I making another one now but I wish I had some wider walnut to make it out of.

I did go back and add red felt to the draw. Wasn't sure if they wanted it or not till they got back in touch with me.


----------



## Leviblue (Dec 26, 2012)

Nice!  I can say I haven't seen a gun rack like this before. I like the pistols as well!


----------



## wiset1 (Dec 26, 2012)

Very nice


----------



## longbeard (Dec 26, 2012)

Awesome
Love the pic with the heavy hardware, i'm a ruger man, i have a few ruger revolvers and can appreciate that piece of work. Sweet


----------



## plantman (Dec 26, 2012)

hanau said:


> I had a request from a individual to add a draw under one of the gun racks I make and this is what I came up over the weekend.
> 
> 
> 
> ...


 
  John; Mite I suggest gluing a set of runners inside the case above the drawer and out of sight to keep the drawer from tilting down when you pull it out? I will also usualy make a stop on the inside to keep the drawer from being pulled all the way out. I make it on a screw hanging on the inside of the front panel so you can swing it out of the way if you want to take the drawer out. Any ideas for a locking system??  Excellent crafsmanship !!!     Jim S


----------



## hanau (Dec 26, 2012)

Jim
 I did attach some stops to back of the draw to keep it from being pulled out.
You tilt the draw up and pull out at the same time.
Stops are glued and braided in place.






I thought about doing something like you mention, but wanted it to rest on the table when opening worried about weight in the draw causing it to possibly tip over.

Possibility of it tipping over is low but any slight tilt forward I would be worried about the guns shifting and hitting.

Hopefully that makes sense.


----------



## StephenM (Dec 26, 2012)

How did you do the felt/material at the top?  I'm on the board of directors for our local historical society and need to make a rifle rack for 4 Hawkens and a Kentucky.


----------



## hanau (Dec 27, 2012)

StephenM said:


> How did you do the felt/material at the top?  I'm on the board of directors for our local historical society and need to make a rifle rack for 4 Hawkens and a Kentucky.

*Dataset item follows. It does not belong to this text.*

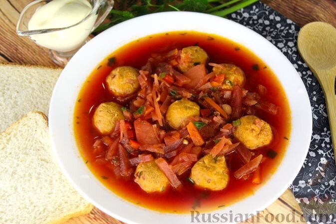 Сначала спробуйте приготовить борщ с куриными фрикадельками, сладким перцем и чесноком — это яркое сочетание принесет новые впечатления. Все ингредиенты, такие как капуста, свекла и различные специи, гарантируют насыщенный вкус.

I cut the felt to size and used 3m spray adhesive, i tried the cheaper sprays and always go back to 3m it works better for me.


----------



## PaulDoug (Dec 27, 2012)

Very nice, thanks for the picture of the completed one.  Now I visualize one with a top case on it with glass in the doors.......


----------



## plantman (Dec 27, 2012)

hanau said:


> Jim
> I did attach some stops to back of the draw to keep it from being pulled out.
> You tilt the draw up and pull out at the same time.
> Stops are glued and braided in place.
> ...


 
  Good reasons John !!! You don't know unless you ask why. Thanks  Jim S


----------



## hanau (Dec 27, 2012)

didn't have much to do today so I built another and added some carvings to it.
















Thanks for looking


----------



## Miles42 (Dec 27, 2012)

Wow that is really nicely done.


----------



## rherrell (Dec 28, 2012)

I like it...great job!:biggrin:


----------



## ALA (Dec 28, 2012)

Very nice! Lots of possibilities. This would work nice sitting inside a safe as well. :biggrin:


----------



## plantman (Dec 29, 2012)

John; You added Some carving to it ???  Looks like a lot of some to me. Beautiful work !! Is that Butternut, Walnut, or some other wood. Hand or CNC ??    Jim S


----------



## hanau (Dec 29, 2012)

Thanks all.

Jim It is built out of red oak and the carving where stained cherry. Pictures change the color of it.

I have a carvewright carving machine it took maybe 3 hrs to do all the carvings.


----------